TASK TO CARRY OUT →
Exact copies of the lines below are the goal; any images in them are dropped.
------ INFORMATION SHOWN ------
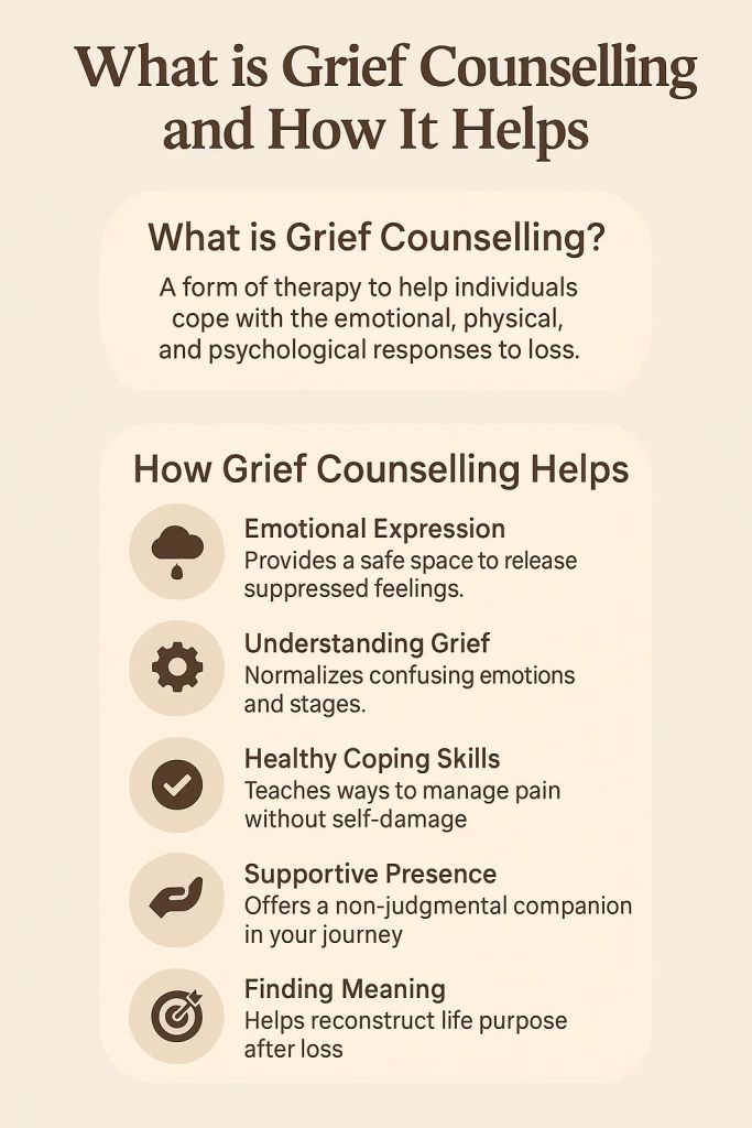 Grief counselling is a form of therapy designed to help individuals cope with the emotional, physical, and psychological reactions that follow a significant loss. It provides a safe and understanding space to express sorrow, anger, confusion, guilt, or any complex emotion tied to the loss.
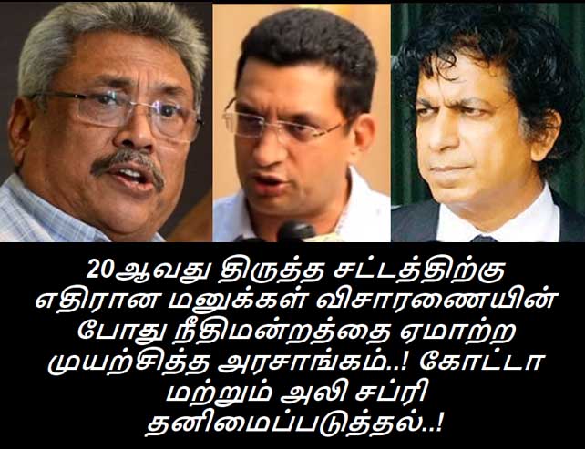 மேலும் இருபதாவது சட்ட மூலத்தை நிறைவேற்றிக் கொள்ள மக்கள் விருப்பம் பெறவும் பின் நிற்கப் போவதில்லை என தெரிவித்த நீதி அமைச்சர் அலி சபரி தற்போது அதில் மாற்றம் கொண்டு வர முயற்சிக்கின்றமை மக்கள் விருப்பத்திற்கு செல்ல அஞ்சியா என கேள்வி எழுப்பப்படுகிறது.
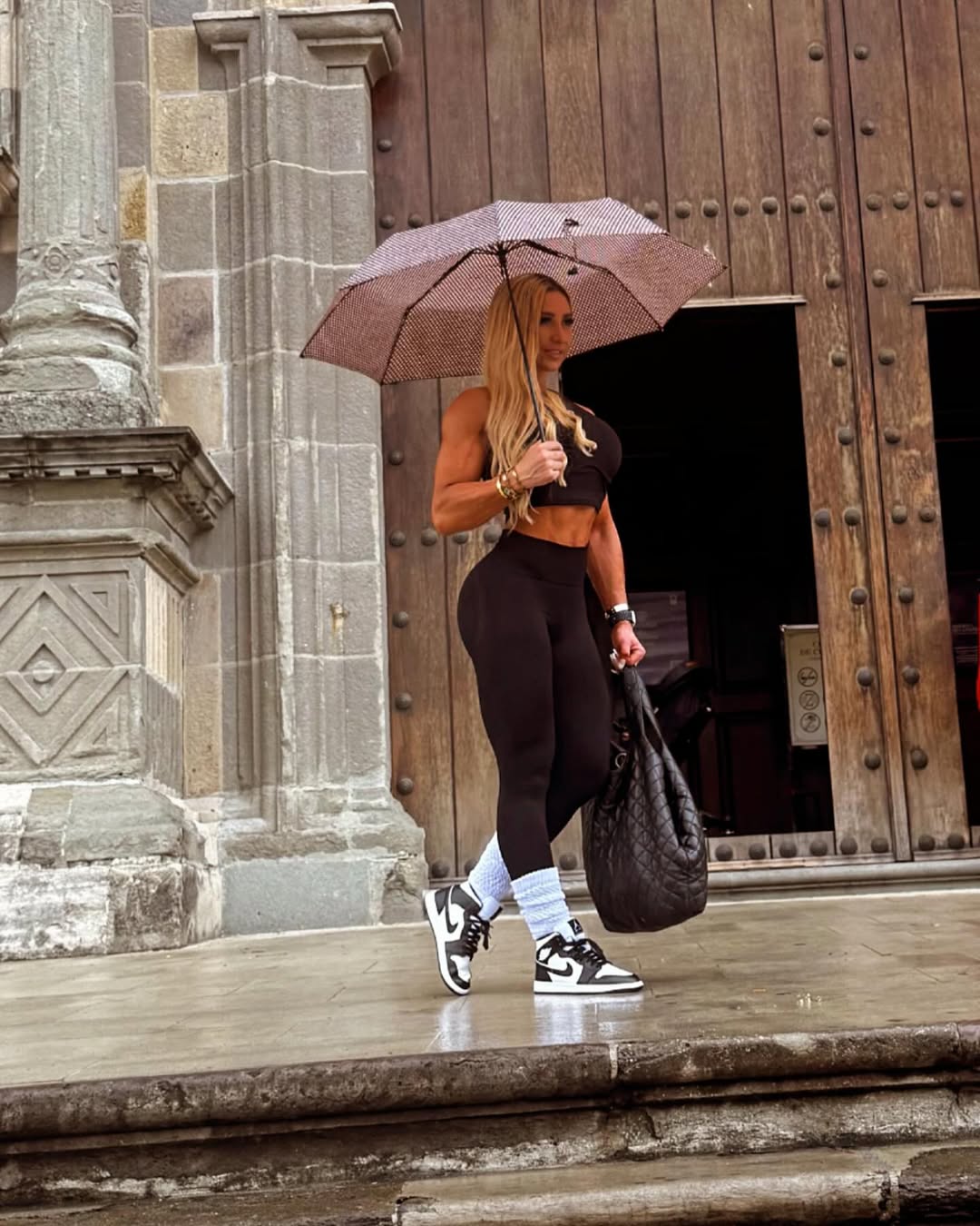 Más que un outfit, Luli Moreno mostró la actitud de una campeona que recibió un reconocimiento a su esfuerzo. Frente a una iglesia en la Ciudad de Panamá, se fotografió con un look deportivo relajado, perfecto para el gimnasio o como street style.
------
WRITTEN REPLY →
 Grief counselling is a form of therapy designed to help individuals cope with the emotional, physical, and psychological reactions that follow a significant loss. It provides a safe and understanding space to express sorrow, anger, confusion, guilt, or any complex emotion tied to the loss.
 மேலும் இருபதாவது சட்ட மூலத்தை நிறைவேற்றிக் கொள்ள மக்கள் விருப்பம் பெறவும் பின் நிற்கப் போவதில்லை என தெரிவித்த நீதி அமைச்சர் அலி சபரி தற்போது அதில் மாற்றம் கொண்டு வர முயற்சிக்கின்றமை மக்கள் விருப்பத்திற்கு செல்ல அஞ்சியா என கேள்வி எழுப்பப்படுகிறது.
 Más que un outfit, Luli Moreno mostró la actitud de una campeona que recibió un reconocimiento a su esfuerzo. Frente a una iglesia en la Ciudad de Panamá, se fotografió con un look deportivo relajado, perfecto para el gimnasio o como street style.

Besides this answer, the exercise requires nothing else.